• _WHAT IS NEEDED_
Restate word for word all of the lines below, with each image left out.
'''
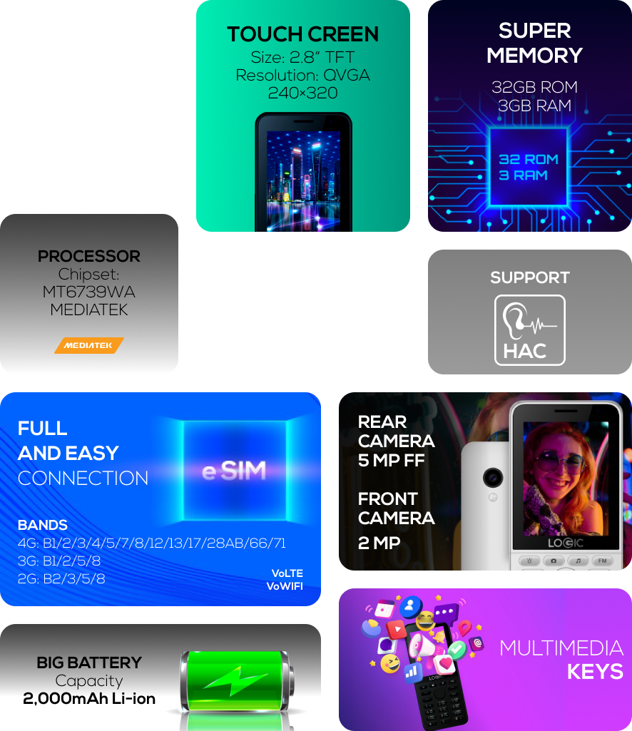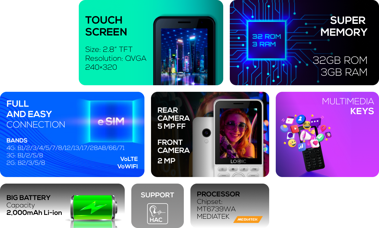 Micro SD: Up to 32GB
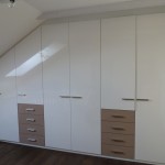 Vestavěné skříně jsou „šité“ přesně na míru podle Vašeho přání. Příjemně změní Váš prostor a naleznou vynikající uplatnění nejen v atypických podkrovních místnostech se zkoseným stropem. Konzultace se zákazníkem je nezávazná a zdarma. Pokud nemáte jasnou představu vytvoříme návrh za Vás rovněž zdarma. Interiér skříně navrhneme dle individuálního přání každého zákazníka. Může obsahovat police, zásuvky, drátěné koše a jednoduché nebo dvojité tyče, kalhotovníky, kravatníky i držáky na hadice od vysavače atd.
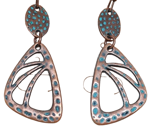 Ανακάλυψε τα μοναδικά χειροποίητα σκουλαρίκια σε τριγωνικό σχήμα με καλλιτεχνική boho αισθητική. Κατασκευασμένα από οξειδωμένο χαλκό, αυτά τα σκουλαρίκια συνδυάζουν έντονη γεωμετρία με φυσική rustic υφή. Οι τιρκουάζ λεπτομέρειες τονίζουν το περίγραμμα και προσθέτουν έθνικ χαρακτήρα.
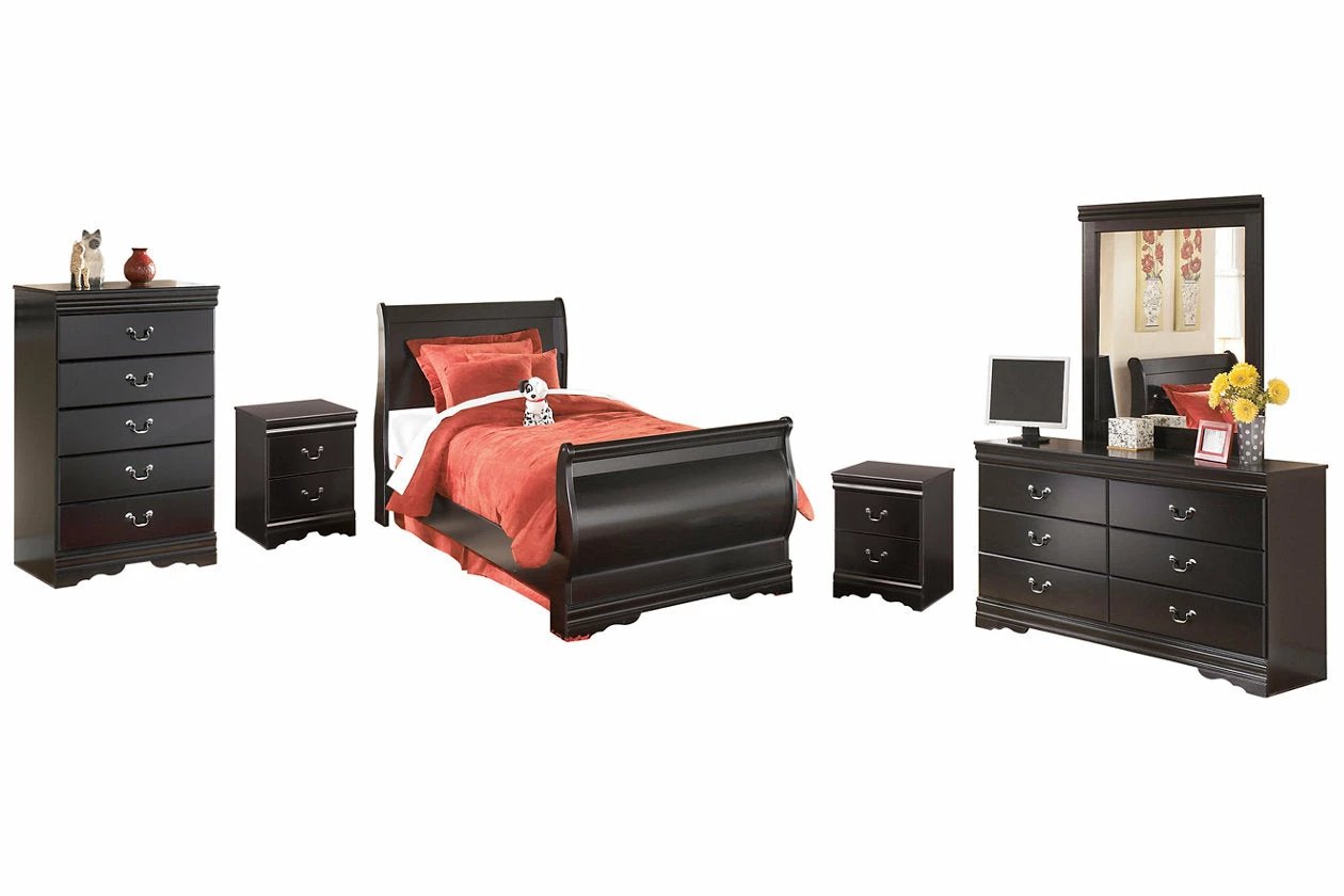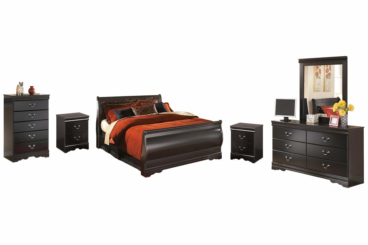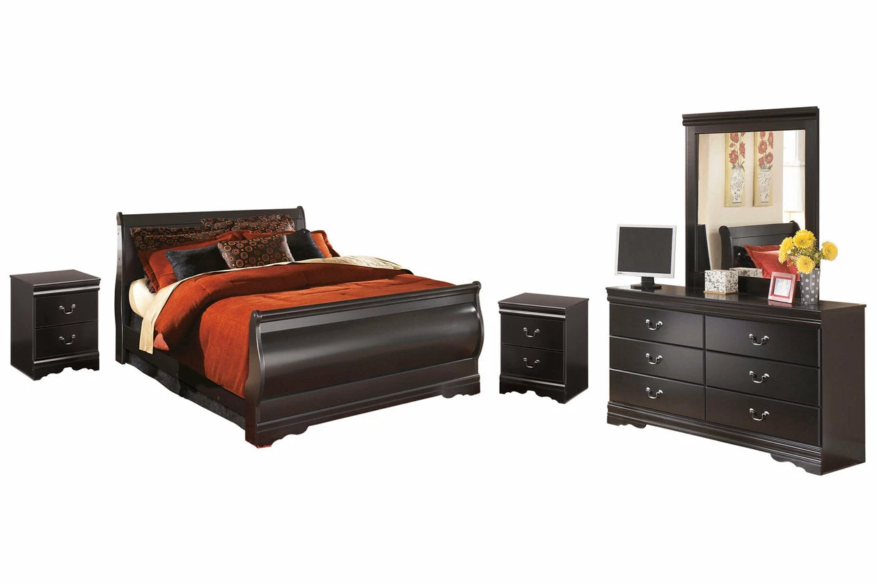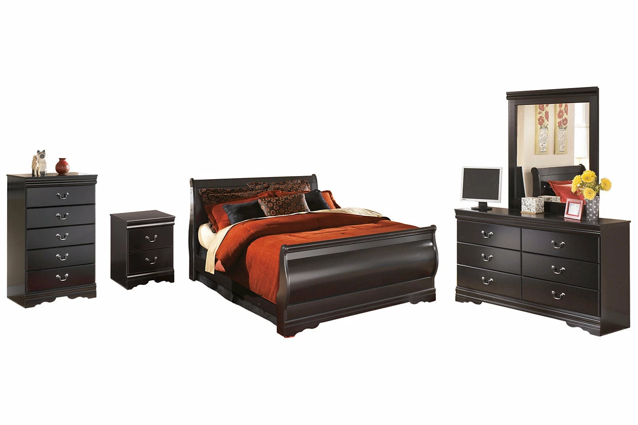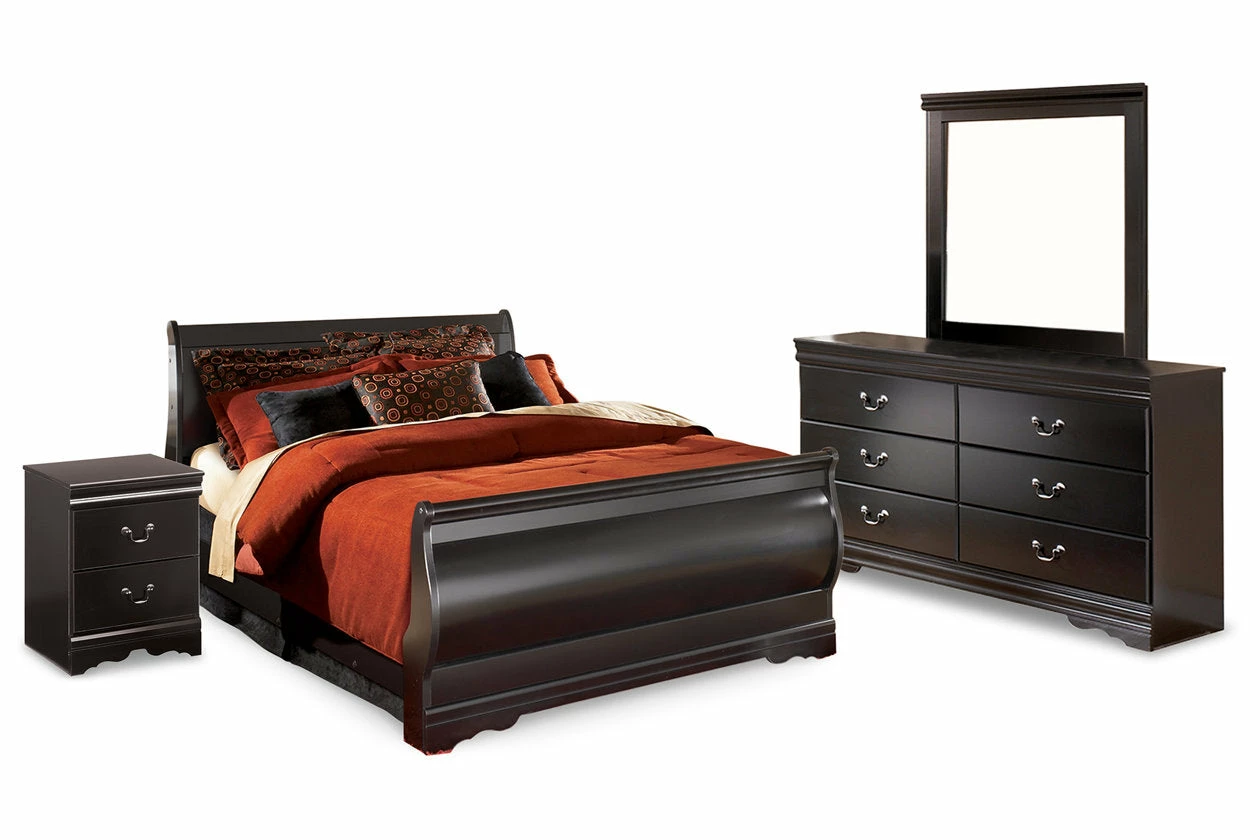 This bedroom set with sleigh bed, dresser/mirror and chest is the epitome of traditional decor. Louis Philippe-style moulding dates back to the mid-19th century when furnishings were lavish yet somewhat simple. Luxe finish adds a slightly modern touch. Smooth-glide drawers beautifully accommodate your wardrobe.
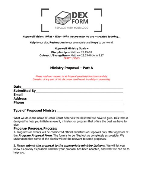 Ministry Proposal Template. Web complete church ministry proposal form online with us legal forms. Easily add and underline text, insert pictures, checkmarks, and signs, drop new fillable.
'''
• _ANSWER TO THE PROBLEM_
 Micro SD: Up to 32GB
 Vestavěné skříně jsou „šité“ přesně na míru podle Vašeho přání. Příjemně změní Váš prostor a naleznou vynikající uplatnění nejen v atypických podkrovních místnostech se zkoseným stropem. Konzultace se zákazníkem je nezávazná a zdarma. Pokud nemáte jasnou představu vytvoříme návrh za Vás rovněž zdarma. Interiér skříně navrhneme dle individuálního přání každého zákazníka. Může obsahovat police, zásuvky, drátěné koše a jednoduché nebo dvojité tyče, kalhotovníky, kravatníky i držáky na hadice od vysavače atd.
 Ανακάλυψε τα μοναδικά χειροποίητα σκουλαρίκια σε τριγωνικό σχήμα με καλλιτεχνική boho αισθητική. Κατασκευασμένα από οξειδωμένο χαλκό, αυτά τα σκουλαρίκια συνδυάζουν έντονη γεωμετρία με φυσική rustic υφή. Οι τιρκουάζ λεπτομέρειες τονίζουν το περίγραμμα και προσθέτουν έθνικ χαρακτήρα.
 This bedroom set with sleigh bed, dresser/mirror and chest is the epitome of traditional decor. Louis Philippe-style moulding dates back to the mid-19th century when furnishings were lavish yet somewhat simple. Luxe finish adds a slightly modern touch. Smooth-glide drawers beautifully accommodate your wardrobe.
 Ministry Proposal Template. Web complete church ministry proposal form online with us legal forms. Easily add and underline text, insert pictures, checkmarks, and signs, drop new fillable.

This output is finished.